**Information shown**
● ● ●
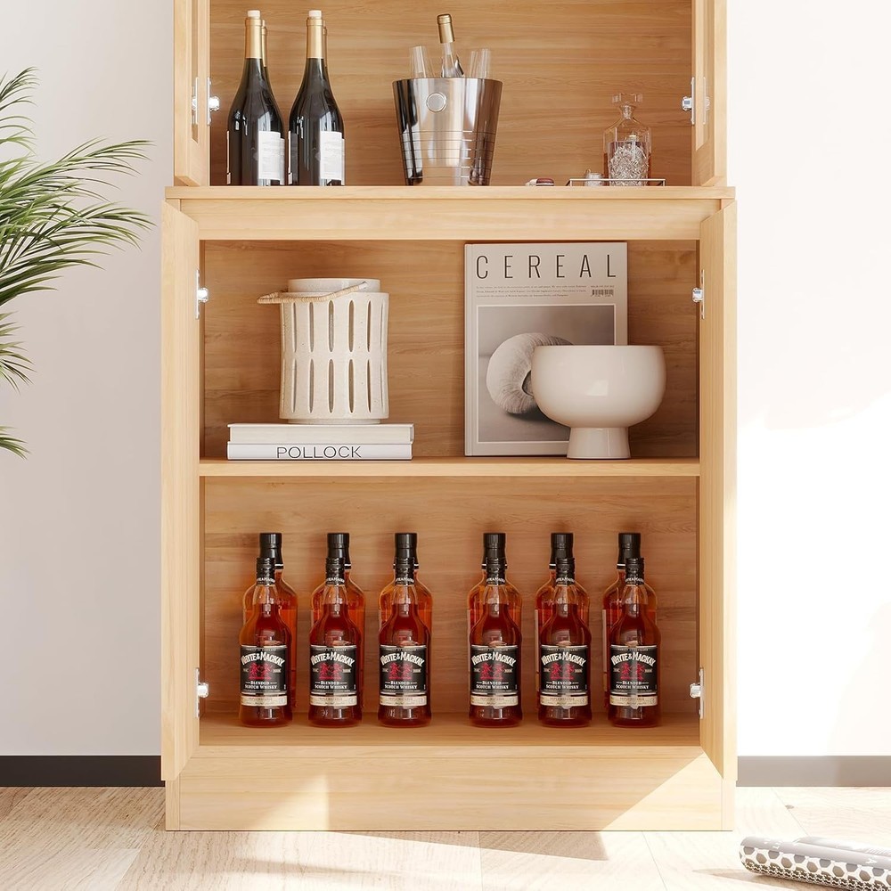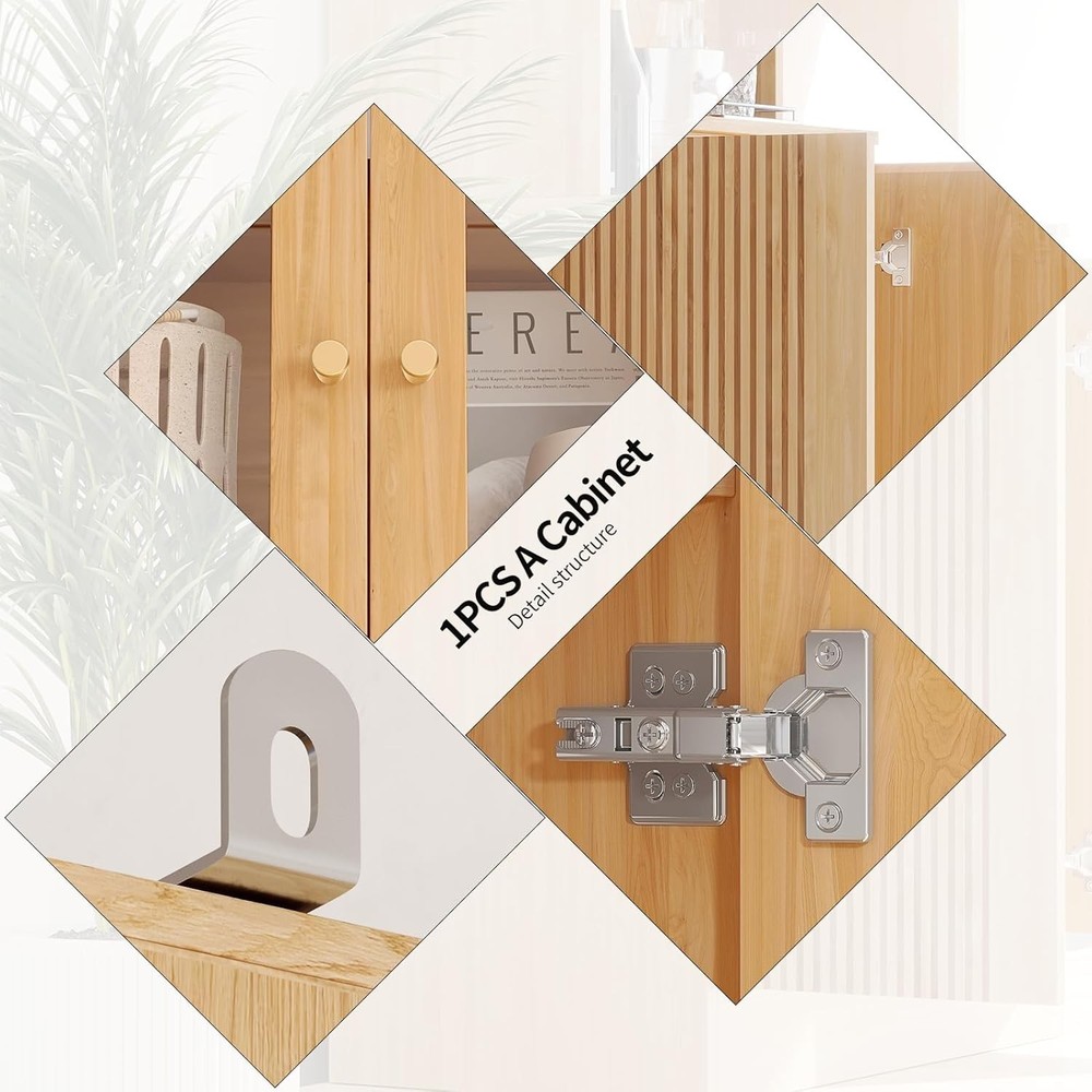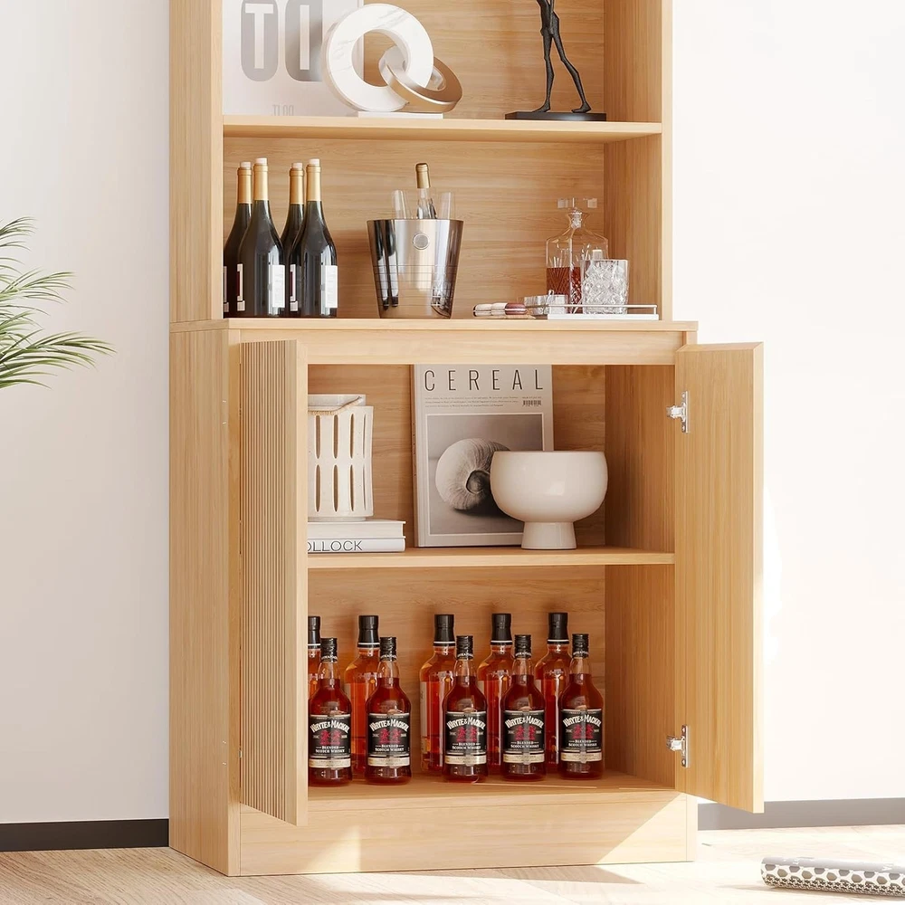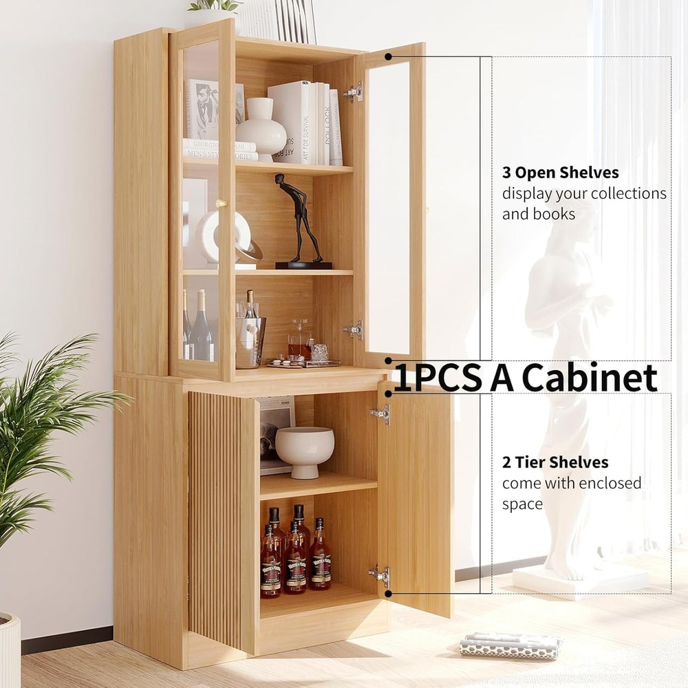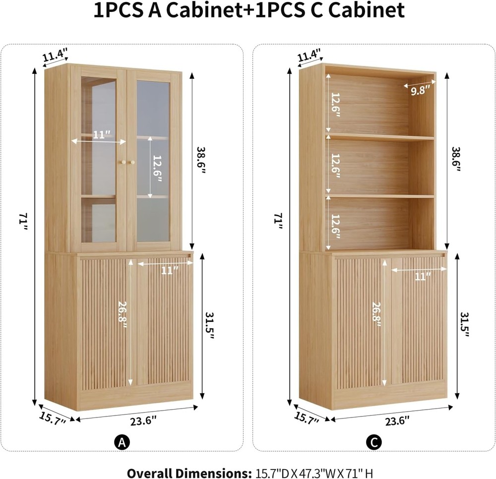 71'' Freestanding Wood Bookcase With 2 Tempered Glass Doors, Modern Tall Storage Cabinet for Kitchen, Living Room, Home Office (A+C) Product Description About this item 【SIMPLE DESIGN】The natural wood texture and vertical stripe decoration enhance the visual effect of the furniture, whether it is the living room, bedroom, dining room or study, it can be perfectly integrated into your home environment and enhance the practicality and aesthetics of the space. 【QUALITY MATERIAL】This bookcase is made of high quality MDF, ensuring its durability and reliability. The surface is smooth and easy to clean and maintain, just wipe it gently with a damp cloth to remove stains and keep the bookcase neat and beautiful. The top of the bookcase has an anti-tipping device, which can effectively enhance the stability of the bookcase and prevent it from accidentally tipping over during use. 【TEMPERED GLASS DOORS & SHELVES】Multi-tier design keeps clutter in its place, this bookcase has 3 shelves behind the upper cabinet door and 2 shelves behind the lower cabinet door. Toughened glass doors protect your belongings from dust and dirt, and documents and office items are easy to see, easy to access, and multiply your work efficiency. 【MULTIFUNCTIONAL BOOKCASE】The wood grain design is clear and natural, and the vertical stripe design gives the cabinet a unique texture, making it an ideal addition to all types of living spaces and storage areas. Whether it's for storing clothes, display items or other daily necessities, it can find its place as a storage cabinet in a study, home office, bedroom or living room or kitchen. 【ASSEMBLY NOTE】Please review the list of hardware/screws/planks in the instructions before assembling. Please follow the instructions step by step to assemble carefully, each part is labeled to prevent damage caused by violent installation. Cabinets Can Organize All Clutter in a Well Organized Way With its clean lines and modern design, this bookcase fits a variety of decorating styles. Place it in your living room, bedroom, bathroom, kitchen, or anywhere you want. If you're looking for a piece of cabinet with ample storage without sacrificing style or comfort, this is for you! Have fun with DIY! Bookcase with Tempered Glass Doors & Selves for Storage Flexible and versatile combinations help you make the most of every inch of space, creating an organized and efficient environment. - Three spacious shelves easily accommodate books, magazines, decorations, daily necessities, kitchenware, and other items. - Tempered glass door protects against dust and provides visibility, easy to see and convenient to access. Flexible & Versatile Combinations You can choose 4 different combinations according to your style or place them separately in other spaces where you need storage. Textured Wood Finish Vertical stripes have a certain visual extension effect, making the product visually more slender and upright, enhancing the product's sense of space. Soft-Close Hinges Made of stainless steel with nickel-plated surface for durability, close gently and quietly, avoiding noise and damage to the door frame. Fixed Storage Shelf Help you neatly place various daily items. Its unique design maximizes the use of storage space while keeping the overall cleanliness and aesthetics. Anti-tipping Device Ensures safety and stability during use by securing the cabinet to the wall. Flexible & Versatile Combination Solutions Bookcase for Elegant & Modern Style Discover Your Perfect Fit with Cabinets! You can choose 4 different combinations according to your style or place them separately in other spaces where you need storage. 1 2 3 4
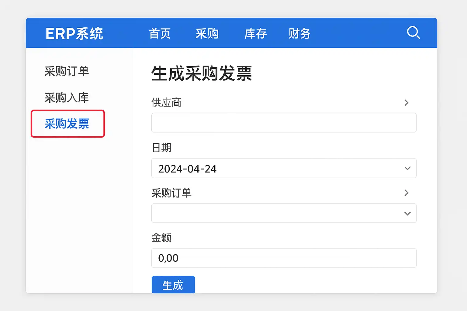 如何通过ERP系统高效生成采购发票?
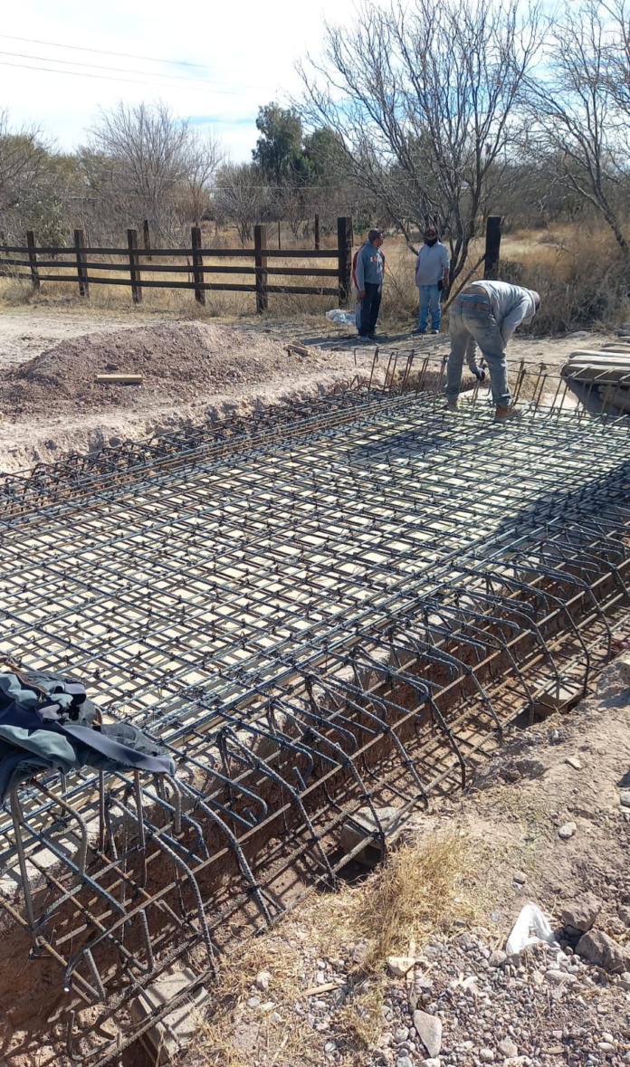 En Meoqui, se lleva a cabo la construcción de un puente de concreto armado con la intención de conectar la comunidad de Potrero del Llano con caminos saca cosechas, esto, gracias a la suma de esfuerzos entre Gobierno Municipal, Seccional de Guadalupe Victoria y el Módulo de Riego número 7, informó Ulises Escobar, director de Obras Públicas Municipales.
● ● ●
Here the job is to quote the lines from the one with "如何通过ERP系统高效生成采购发票?" through the end of the material, both included, exactly; please skip the pictures.

 如何通过ERP系统高效生成采购发票?
 En Meoqui, se lleva a cabo la construcción de un puente de concreto armado con la intención de conectar la comunidad de Potrero del Llano con caminos saca cosechas, esto, gracias a la suma de esfuerzos entre Gobierno Municipal, Seccional de Guadalupe Victoria y el Módulo de Riego número 7, informó Ulises Escobar, director de Obras Públicas Municipales.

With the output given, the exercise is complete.